Poker Hand Rankings

It is important to learn the poker hand rankings as the player with the highest value hand of those left after the last round of betting wins the pot for that game. Knowing what makes a strong hand will help you decide whether to keep calling and raising or whether you should fold and save your cash for a hand with more potential.

Poker hands in most variations of the game comprise five cards, with rankings ranging from a hand where you are relying on nothing better than a high card to the rare, unbeatable royal flush.

Here are the traditional winning hands for games such as Texas Hold‘em, Seven-Card Stud, Omaha and Five-Card Draw, ranked in order from the most valuable to the least valuable:

Straight Flush

A straight flush contains five cards of the same suit in numerical order, with the highest ranking hand winning if two players tie.
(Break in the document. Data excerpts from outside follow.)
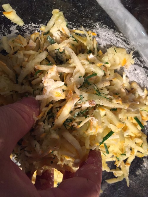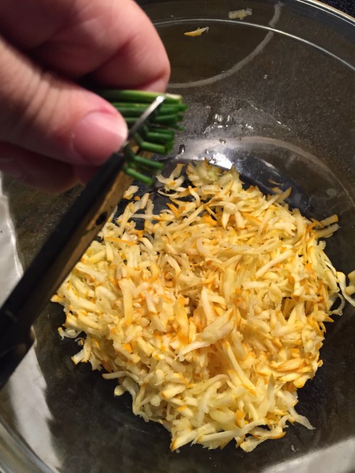 4) Place the drained zucchini in a mixing bowl and snip in several tablespoons of chives or scallions.
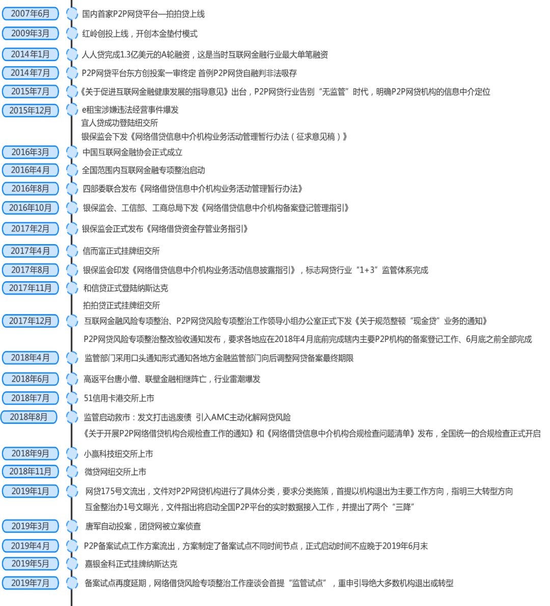 2019年7月互金整治领导小组和网贷整治领导小组联合召开的网络借贷风险专项整治工作座谈会首提“监管试点”,并且重申引导绝大多数机构退出或转型。
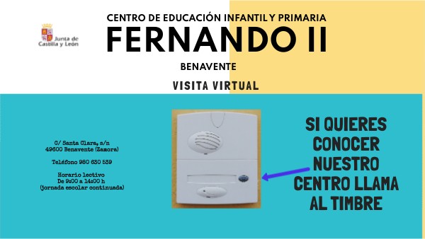 El CEIP fernando Ii es un centro de titularidad pÚblica ubicado en el barrio santa clara de benavente imparte enseñanzas de educación infantil y primaria, con sección bilingüe en inglés, ofreciendo servicios de integración y compensación educativa
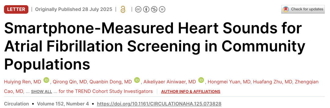 [2] Ren, HY., Dong, QB., Qin QR. et al. Smartphone-Measured Heart Sounds for Atrial Fibrillation Screening in Community Populations. Circulation [epub-ahead]
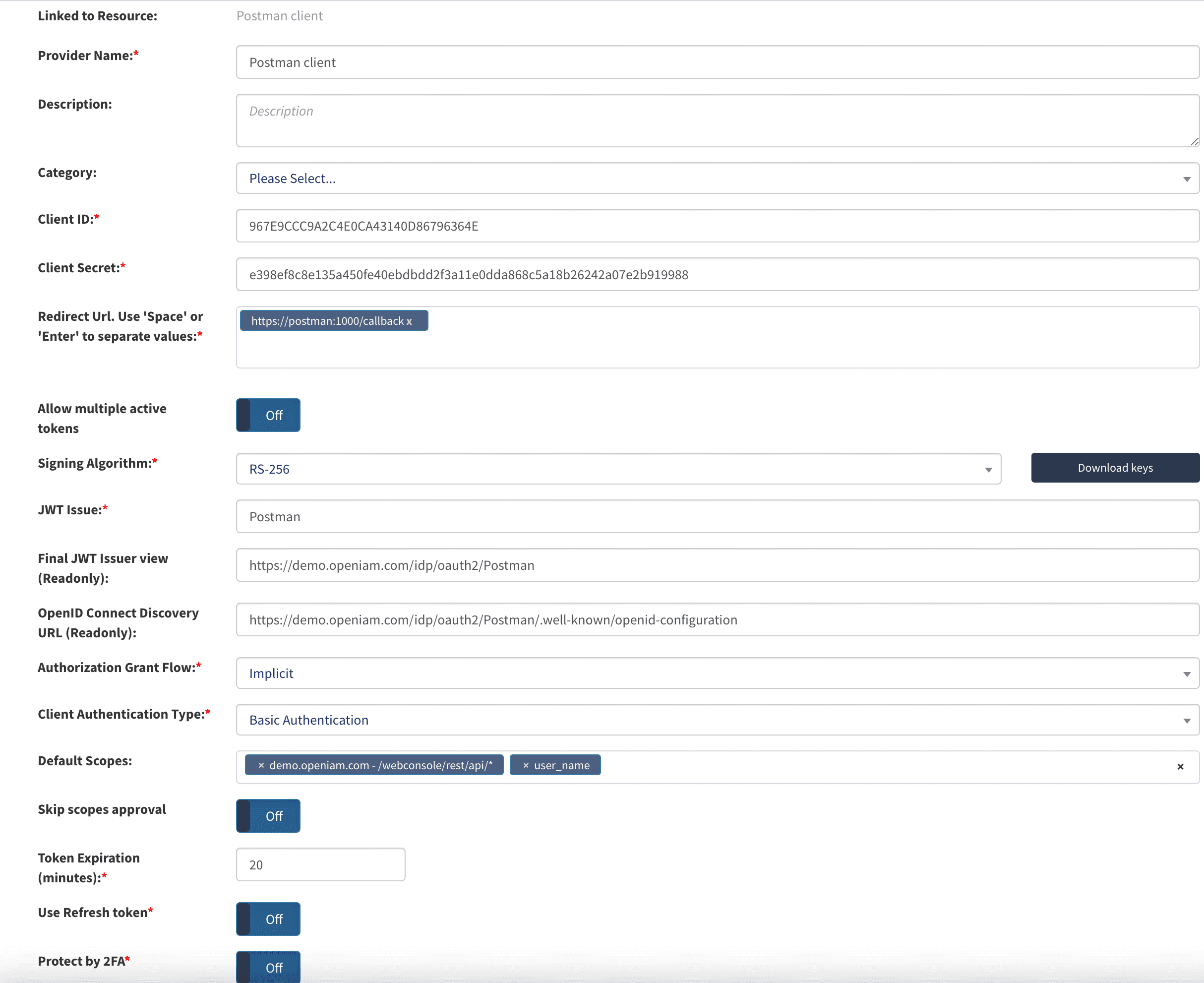 | Provider name | This can be any descriptive name to identify this configuration such as Postman client. |
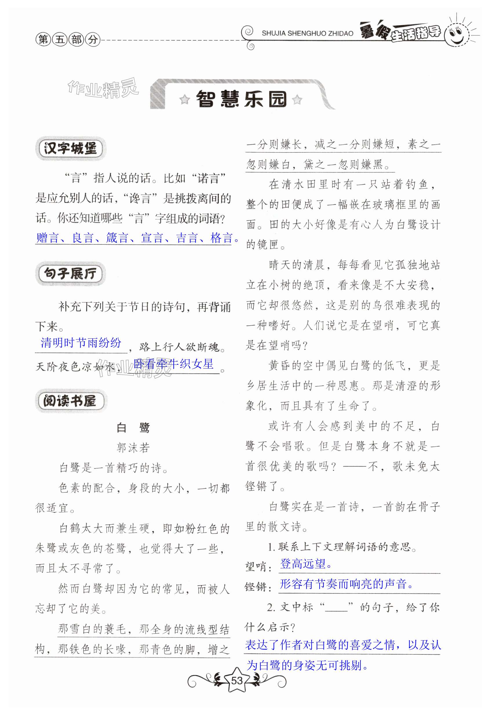 注:目前有些书本章节名称可能整理的还不是很完善,但都是按照顺序排列的,请同学们按照顺序仔细查找。练习册 2024年暑假生活指导五年级山东教育出版社 答案主要是用来给同学们做完题方便对答案用的,请勿直接抄袭。
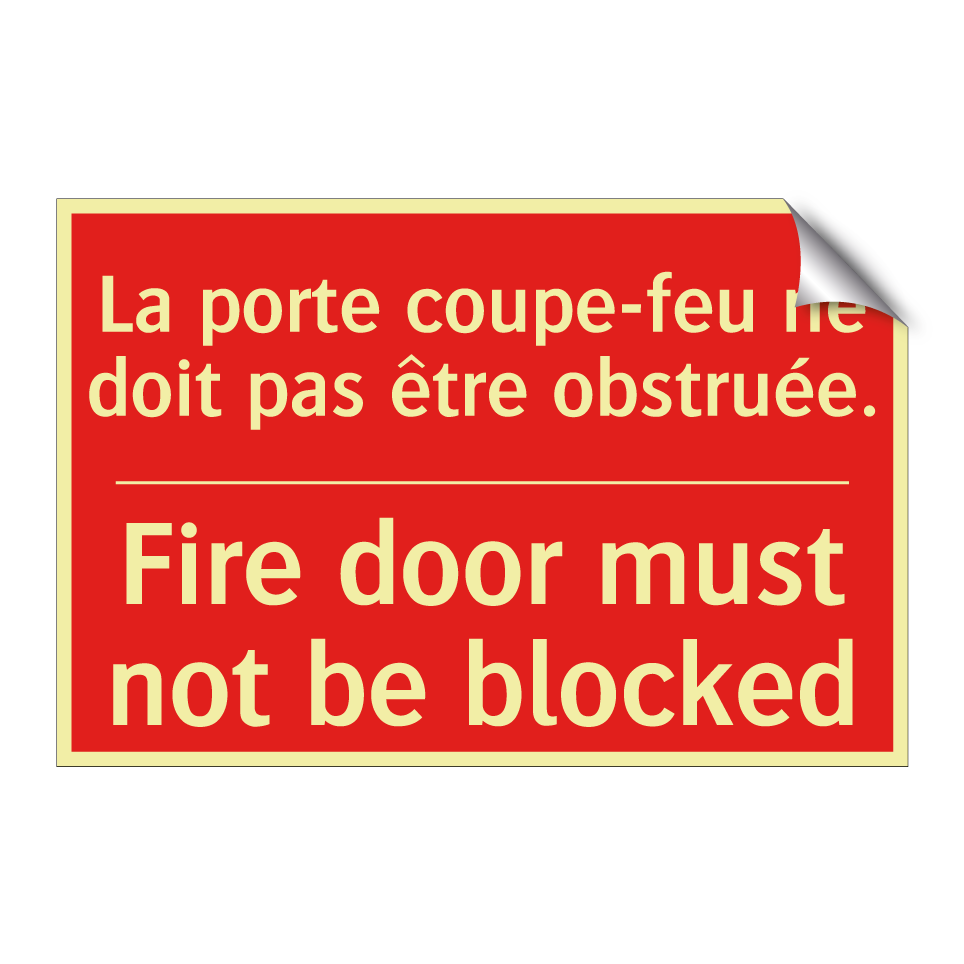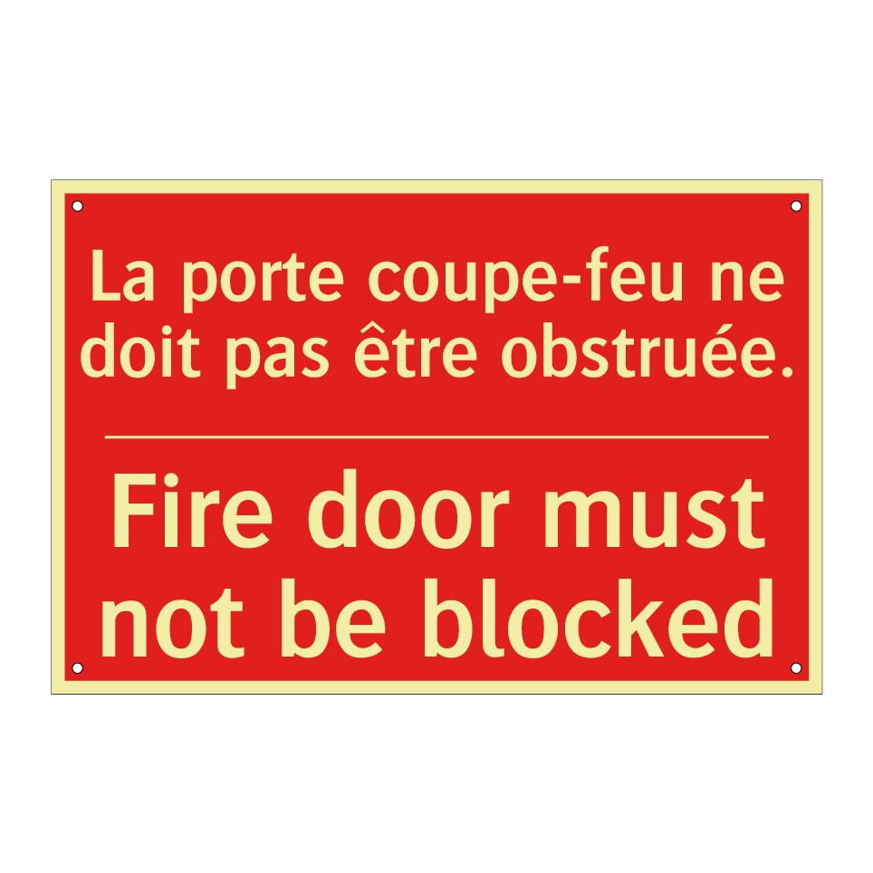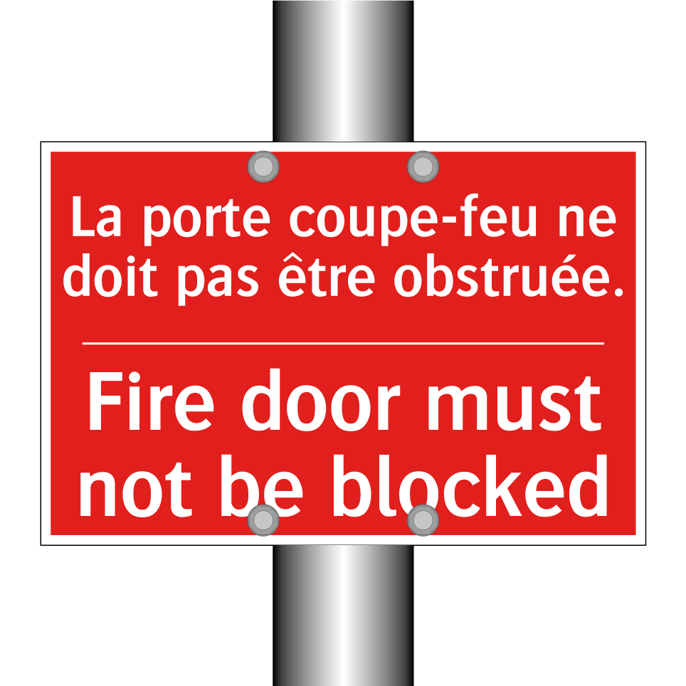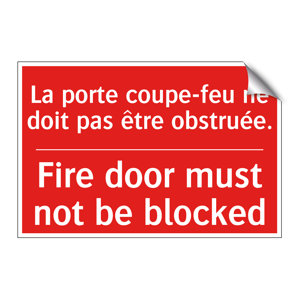 Panneau de signalisation incendie bilingue avec texte en français : "La porte coupe-feu ne doit pas être obstruée.", et en anglais : "Fire door must not be blocked"
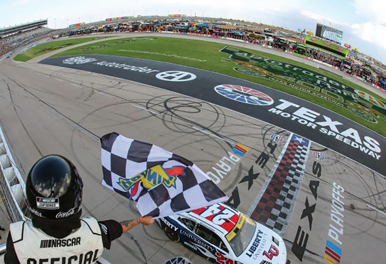 William Byron, driver of the No. 24 Liberty University Chevrolet, takes the checkered flag to win the Cup Series Autotrader EchoPark Automotive 400 at Texas Motor Speedway Sunday. (Jonathan Bachman/Getty)
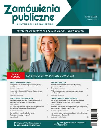 W najnowszym wydaniu naszej publikacji podejmujemy temat niezwykle istotny dla praktyków zamówień publicznych – błędów w określaniu stawek VAT w ofertach wykonawców. Zagadnienie to, choć może wydawać się techniczne, niesie ze sobą poważne konsekwencje prawne i finansowe, wymagając od zamawiających precyzyjnej oceny i szybkich decyzji. W temacie numeru nasi eksperci analizują konkretne przypadki, które doskonale ilustrują skalę problemu. Dowiesz się m.in., jak należy ocenić ofertę wykonawcy, który błędnie zastosował preferencyjną stawkę VAT na przeglądy aparatury medycznej, gdy SWZ nie precyzowała jej charakteru jako wyrobu medycznego. Poznasz również stanowisko Sądu Najwyższego oraz KIO w kwestii poprawiania stawek VAT – w szczególności w kwestii tego, kiedy zamawiający może dokonać korekty, a kiedy musi odrzucić ofertę. Przywołujemy również przykłady innych orzeczeń, które pomogą uniknąć kosztownych błędów proceduralnych. Zachęcam serdecznie do lektury całego numeru – dzięki naszym wskazówkom podejmiesz decyzje, które zagwarantują prawidłowość prowadzonych postępowań oraz bezpieczeństwo finansowe instytucji.
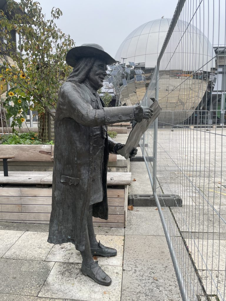 The smaller sculpture of William Penn on Millennium Square is by artist Lawrence Holofcener and is part of a trio commissioned for the opening of the square in 2000 which also includes Bible translator William Tyndale and poet Thomas Chatterton.
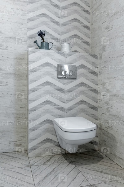 Современный стеновой туалет с геометрическими серыми и белыми плитками, хромными кнопками и декоративными металлическими кувшинами на полке
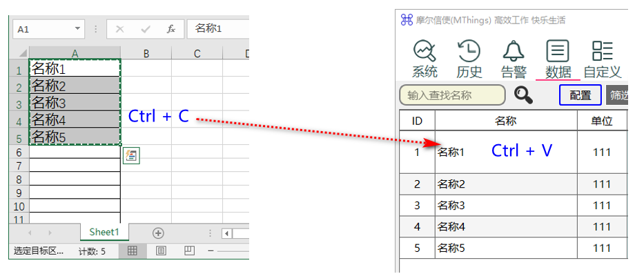 MThings支持用户拷贝多行Excel数据,并粘贴至数据配置表指定位置。
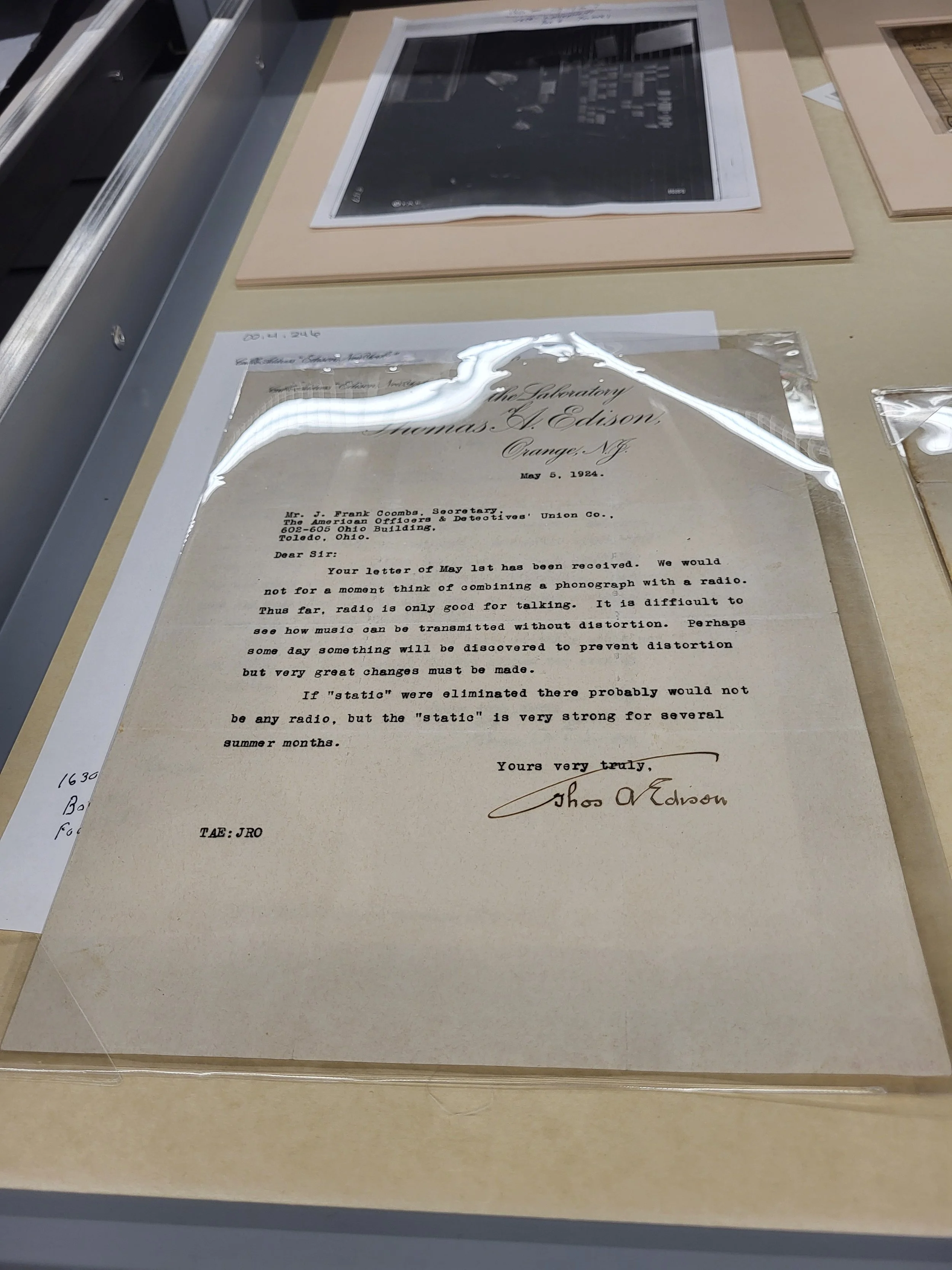 Henry Ford collected many items that are in the archives, including this letter from Thomas Edison.
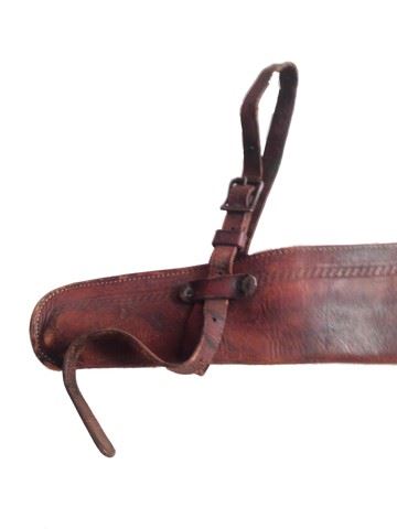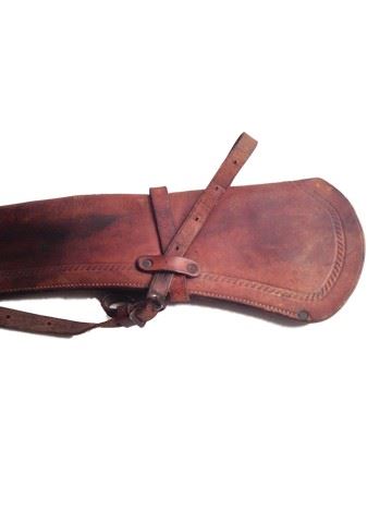 Screen used by a non principal character, this is a leather rifle holster worn when on horseback. (31"x6")
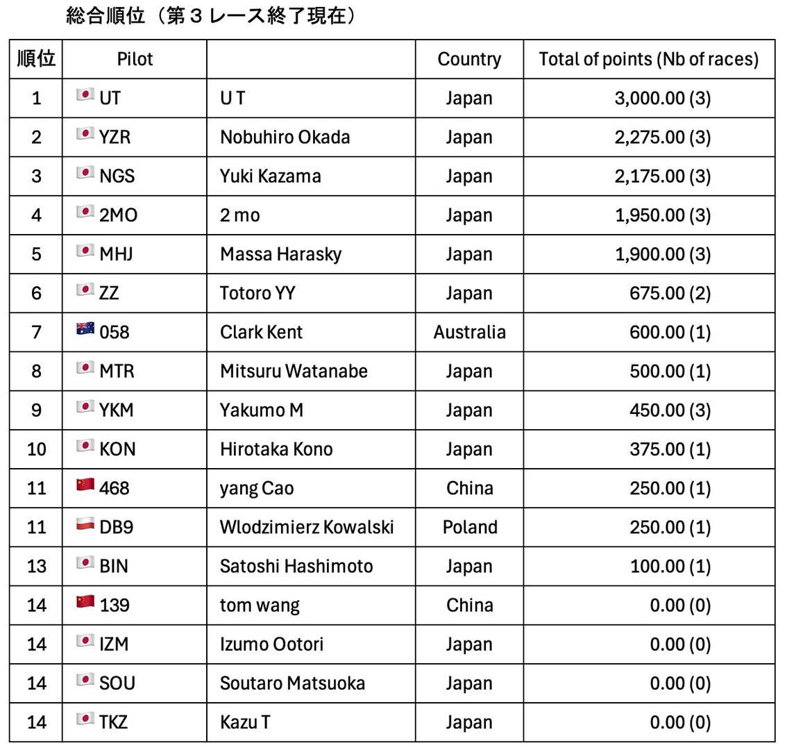 さて、次のレースは7月23日、更なる熱戦となることを期待しています。また、引続き実況中継も予定していますので、レースに参加しない方もぜひ観戦してグライダーシムを使ったレースの楽しさを味わって下さい。

The best possible straight flush is ten, jack, queen, king and ace, all of the same suit. This is known as a royal flush and cannot be beaten in a standard single-deck game.
Example: A♥ K♥ Q♥ J♥ 10♥

Four of a Kind

Collecting four cards of the same rank is called four of a kind. If another player has four of a kind as well, the highest-ranking cards win.
Example: 10♣ 10♠ 10♥ 10♦ 7♥

Full House

This a hand consisting of three cards of the same rank and a further pair of another rank. In a tie, the player with the highest ranking of the three matching cards takes the pot.
Example: 9♥ 9♣ 9♠ 6♦ 6♥

Flush

If you find yourself with five cards of the same suit, but which are not consecutive, you have a flush. The player with the highest-ranking card in their hand wins if there is another flush at the table.
Example: 3♣ 5♣ 8♣ J♣ K♣

Straight

This hand contains five cards in numerical order, but not all of the same suit. The ace can be high or low and the player with the highest-ranking card wins if there is a tie.
Example: 6♥ 7♦ 8♥ 9♣ 10♠

Three of a Kind

Three of a kind sees you holding three cards of the same rank, with the highest rank determining the winner in a tie.
Example: J♠ J♣ J♥ 4♦ 2♠

Two Pair

This means that you are holding two cards of the same rank along with two further cards of a different matching rank. The highest pair clinches the hand in the event of a tie, with the highest side card determining the winner should both players have the same ranking pairs.
Example: 10♣ 10♠ K♣ K♥ 4♦

One Pair

If you have “one pair”, you are holding a hand containing two cards of the same rank. The highest rank wins if more than one player reveals a pair, with the highest side card deciding the outcome if the pairs match in rank.
Example: J♦ J♦ 4♥ 7♣ K♠

High Card

If no one round the table qualifies for any of the above, the highest ranking card wins.